(DATA begins)
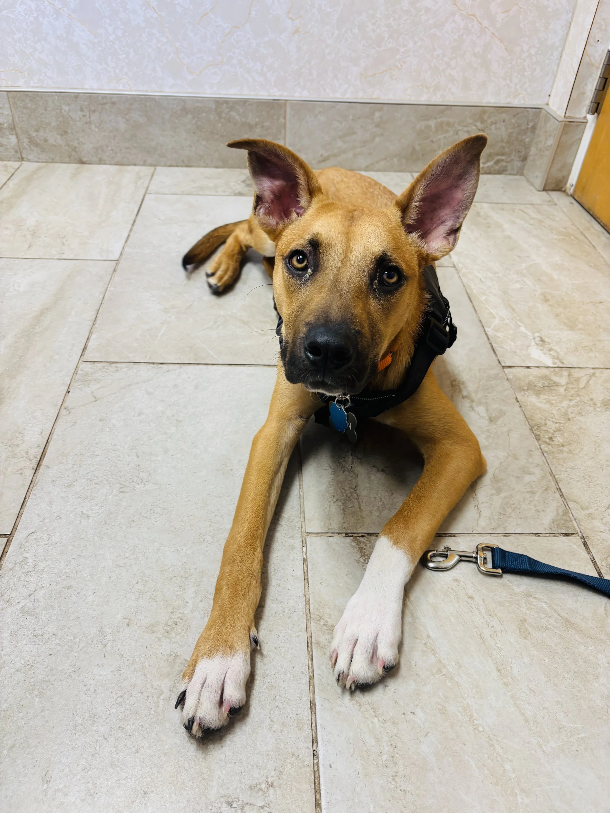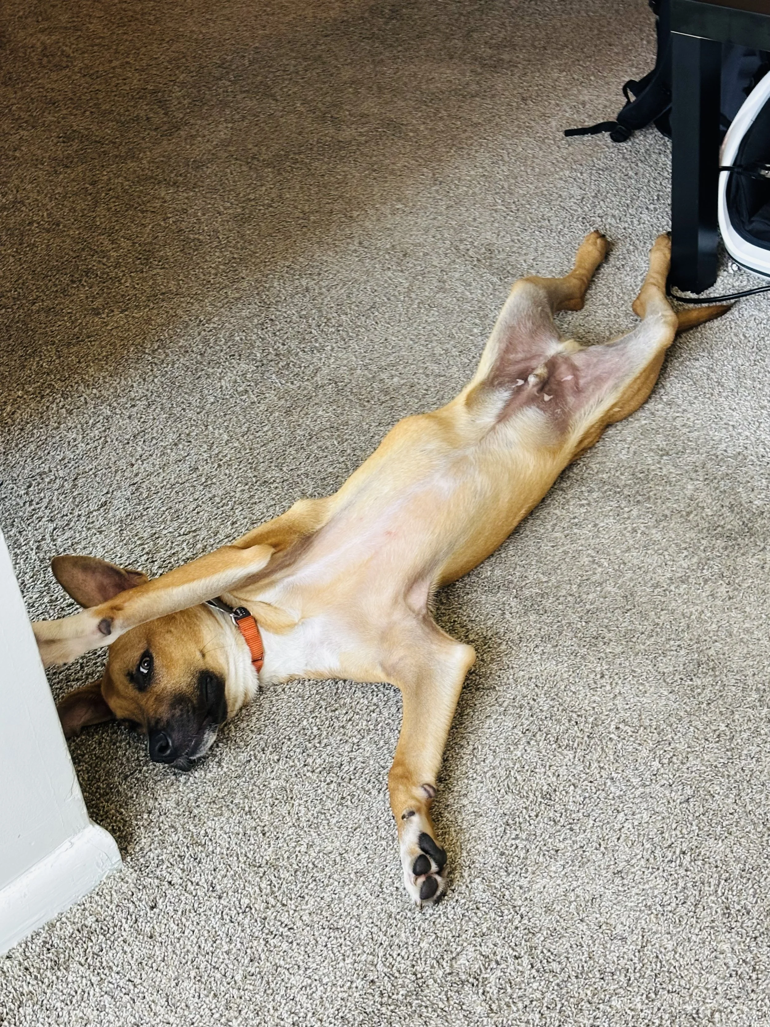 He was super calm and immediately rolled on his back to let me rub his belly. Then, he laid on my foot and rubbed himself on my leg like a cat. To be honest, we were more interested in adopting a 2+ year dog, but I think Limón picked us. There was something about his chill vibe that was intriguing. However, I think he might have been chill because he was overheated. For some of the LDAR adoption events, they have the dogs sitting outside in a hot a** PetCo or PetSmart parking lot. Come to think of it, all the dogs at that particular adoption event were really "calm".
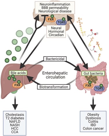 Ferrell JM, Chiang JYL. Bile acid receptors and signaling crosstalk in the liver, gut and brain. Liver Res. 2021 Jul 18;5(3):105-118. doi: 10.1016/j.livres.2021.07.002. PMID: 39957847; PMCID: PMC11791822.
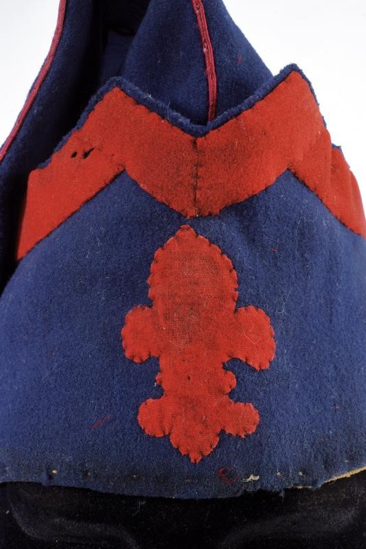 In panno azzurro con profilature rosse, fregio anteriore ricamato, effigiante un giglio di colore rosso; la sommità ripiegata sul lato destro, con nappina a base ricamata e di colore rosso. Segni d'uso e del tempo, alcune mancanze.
(DATA ends)
Restate the full listing word for word, excluding images.

 He was super calm and immediately rolled on his back to let me rub his belly. Then, he laid on my foot and rubbed himself on my leg like a cat. To be honest, we were more interested in adopting a 2+ year dog, but I think Limón picked us. There was something about his chill vibe that was intriguing. However, I think he might have been chill because he was overheated. For some of the LDAR adoption events, they have the dogs sitting outside in a hot a** PetCo or PetSmart parking lot. Come to think of it, all the dogs at that particular adoption event were really "calm".
 Ferrell JM, Chiang JYL. Bile acid receptors and signaling crosstalk in the liver, gut and brain. Liver Res. 2021 Jul 18;5(3):105-118. doi: 10.1016/j.livres.2021.07.002. PMID: 39957847; PMCID: PMC11791822.
 In panno azzurro con profilature rosse, fregio anteriore ricamato, effigiante un giglio di colore rosso; la sommità ripiegata sul lato destro, con nappina a base ricamata e di colore rosso. Segni d'uso e del tempo, alcune mancanze.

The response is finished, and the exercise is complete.